■ ASSIGNMENT ■
Repeat the data exactly, please; no pictures belong in the copy.
::: DATA UNDER STUDY
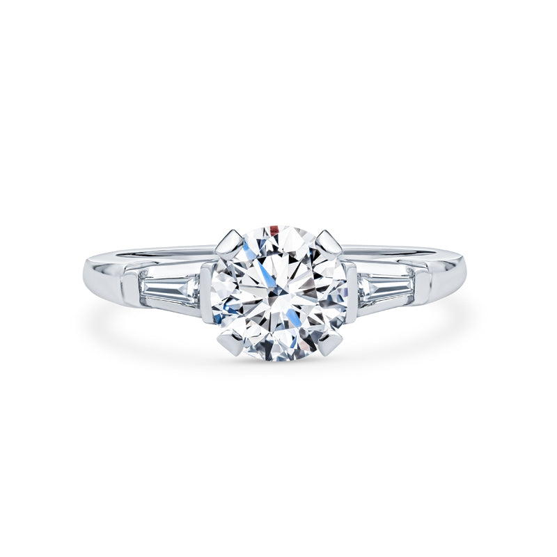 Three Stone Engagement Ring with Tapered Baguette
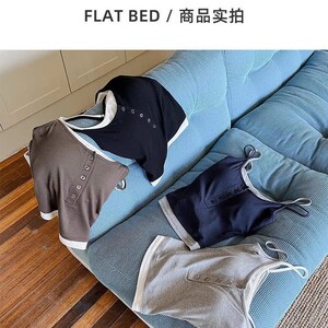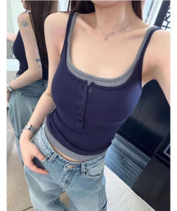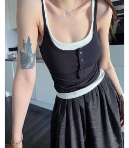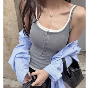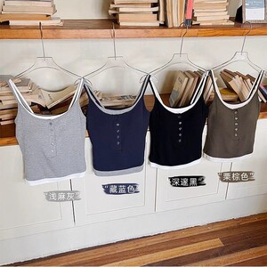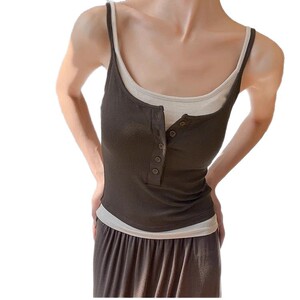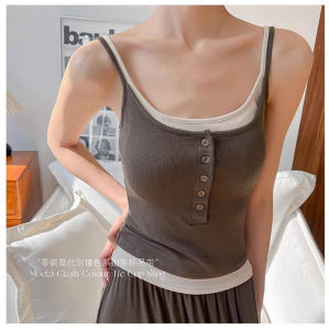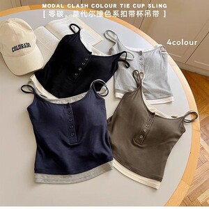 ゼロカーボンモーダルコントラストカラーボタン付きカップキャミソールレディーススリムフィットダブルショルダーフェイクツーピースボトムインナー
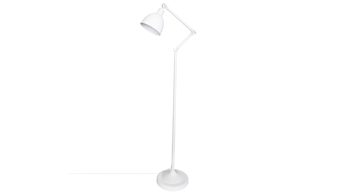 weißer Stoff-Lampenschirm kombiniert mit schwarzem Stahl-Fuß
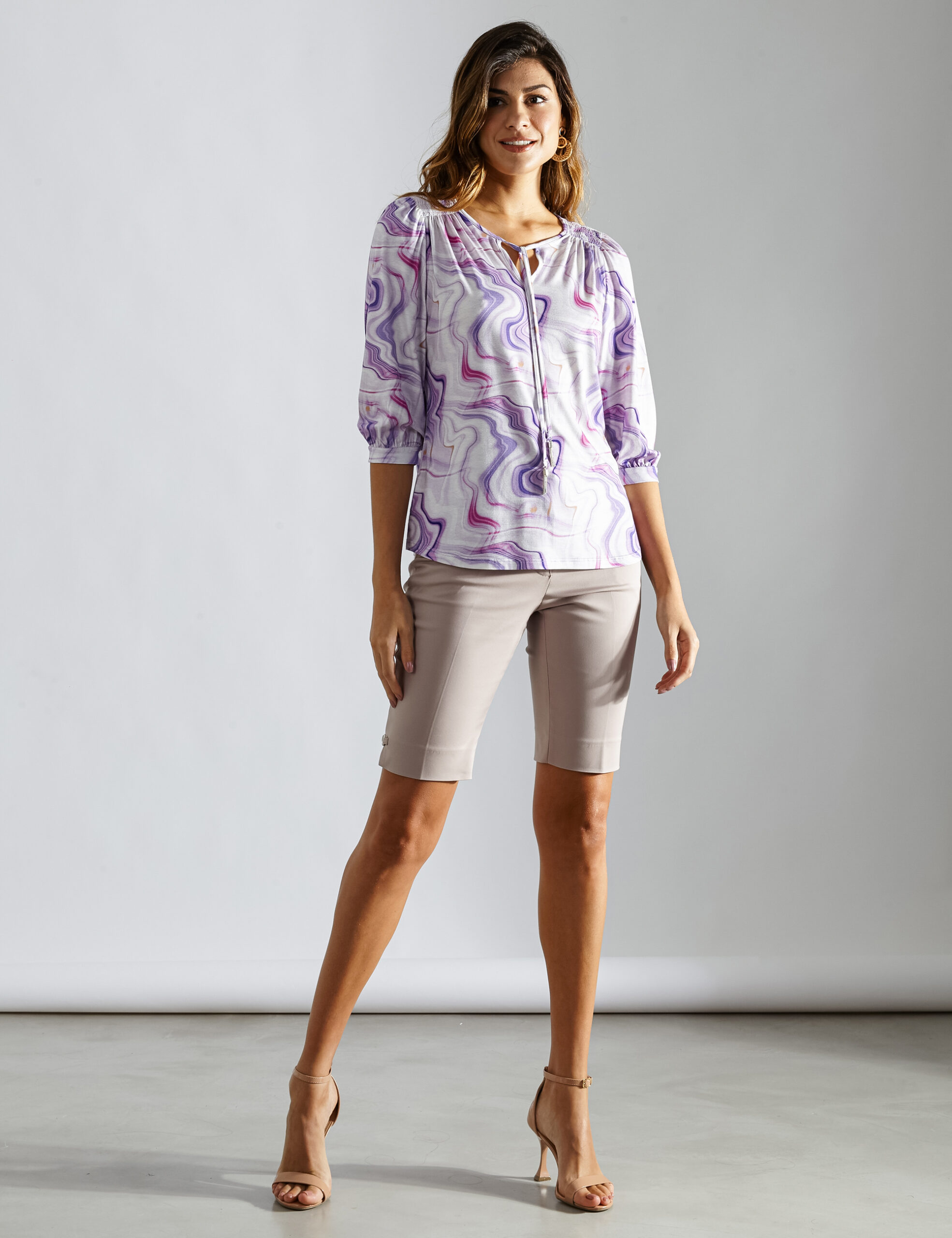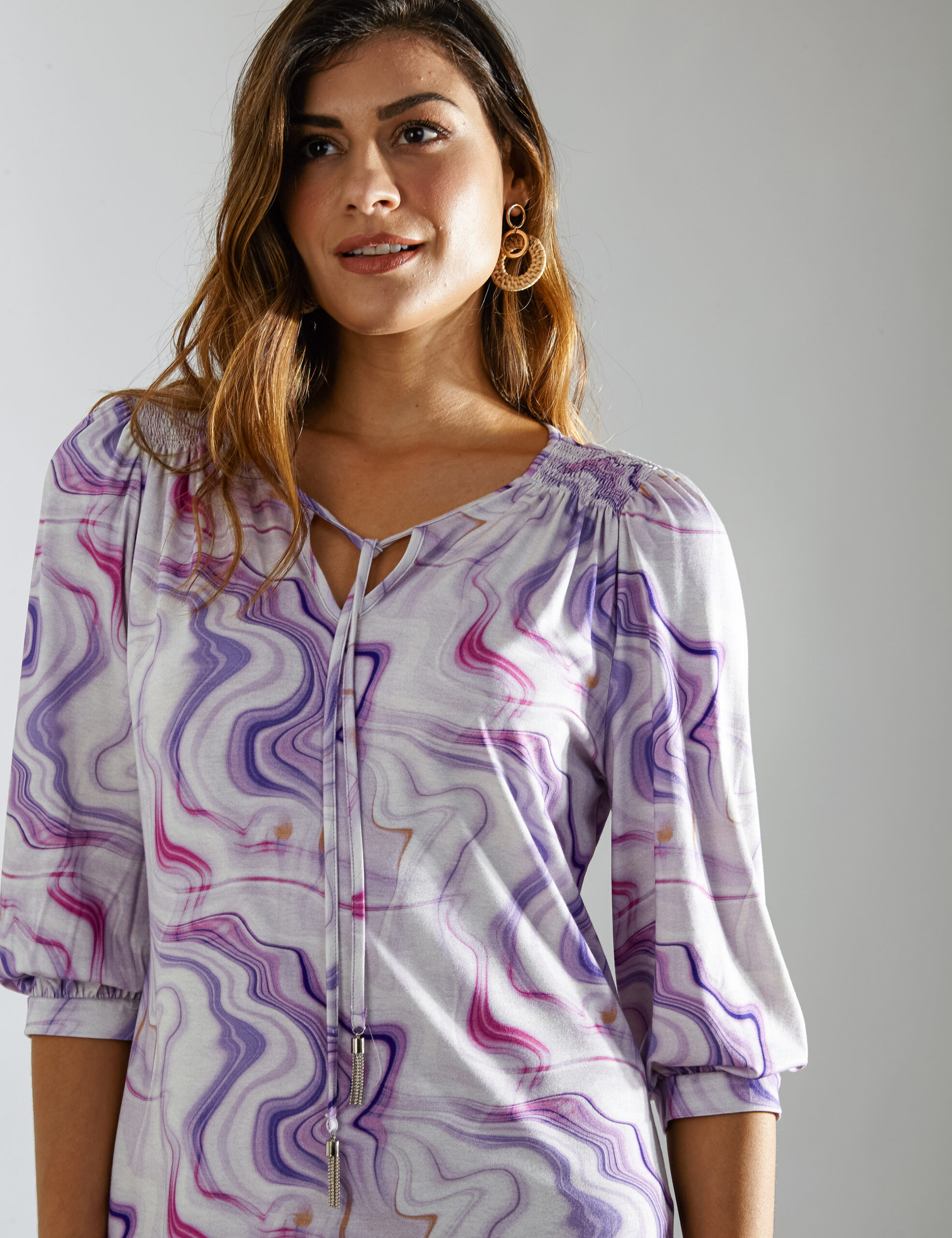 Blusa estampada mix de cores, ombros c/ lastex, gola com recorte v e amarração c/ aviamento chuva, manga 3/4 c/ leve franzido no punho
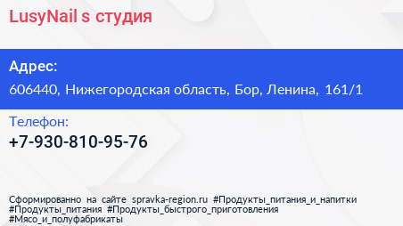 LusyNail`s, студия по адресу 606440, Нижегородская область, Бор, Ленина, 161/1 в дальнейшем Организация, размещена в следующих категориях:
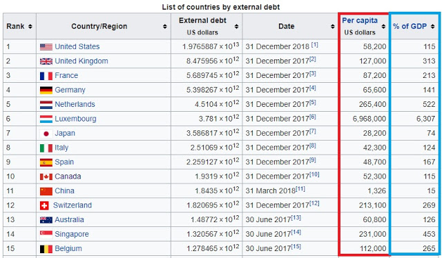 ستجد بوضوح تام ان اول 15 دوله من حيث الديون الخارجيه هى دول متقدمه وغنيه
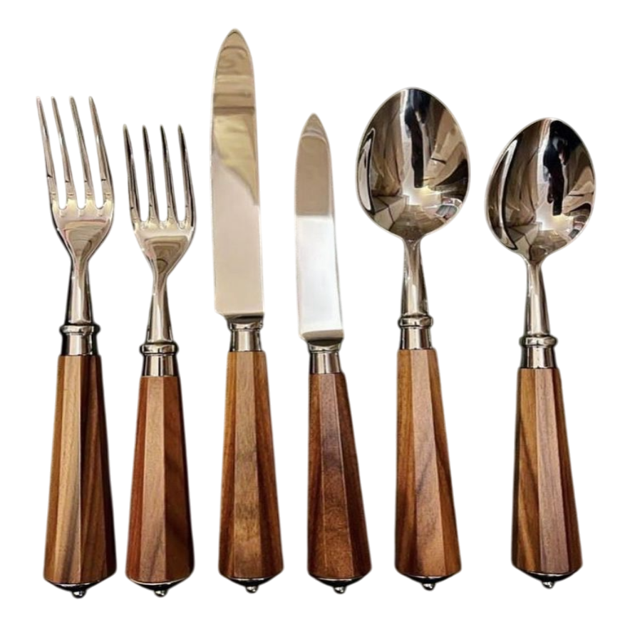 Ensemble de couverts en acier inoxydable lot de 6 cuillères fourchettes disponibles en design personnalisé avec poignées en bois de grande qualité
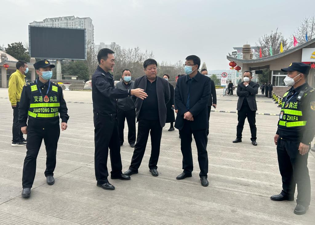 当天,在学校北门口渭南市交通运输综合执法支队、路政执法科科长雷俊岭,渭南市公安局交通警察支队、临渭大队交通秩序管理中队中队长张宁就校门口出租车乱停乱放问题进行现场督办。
::::::
■ PROBLEM SOLUTION ■
 Three Stone Engagement Ring with Tapered Baguette
 ゼロカーボンモーダルコントラストカラーボタン付きカップキャミソールレディーススリムフィットダブルショルダーフェイクツーピースボトムインナー
 weißer Stoff-Lampenschirm kombiniert mit schwarzem Stahl-Fuß
 Blusa estampada mix de cores, ombros c/ lastex, gola com recorte v e amarração c/ aviamento chuva, manga 3/4 c/ leve franzido no punho
 LusyNail`s, студия по адресу 606440, Нижегородская область, Бор, Ленина, 161/1 в дальнейшем Организация, размещена в следующих категориях:
 ستجد بوضوح تام ان اول 15 دوله من حيث الديون الخارجيه هى دول متقدمه وغنيه
 Ensemble de couverts en acier inoxydable lot de 6 cuillères fourchettes disponibles en design personnalisé avec poignées en bois de grande qualité
 当天,在学校北门口渭南市交通运输综合执法支队、路政执法科科长雷俊岭,渭南市公安局交通警察支队、临渭大队交通秩序管理中队中队长张宁就校门口出租车乱停乱放问题进行现场督办。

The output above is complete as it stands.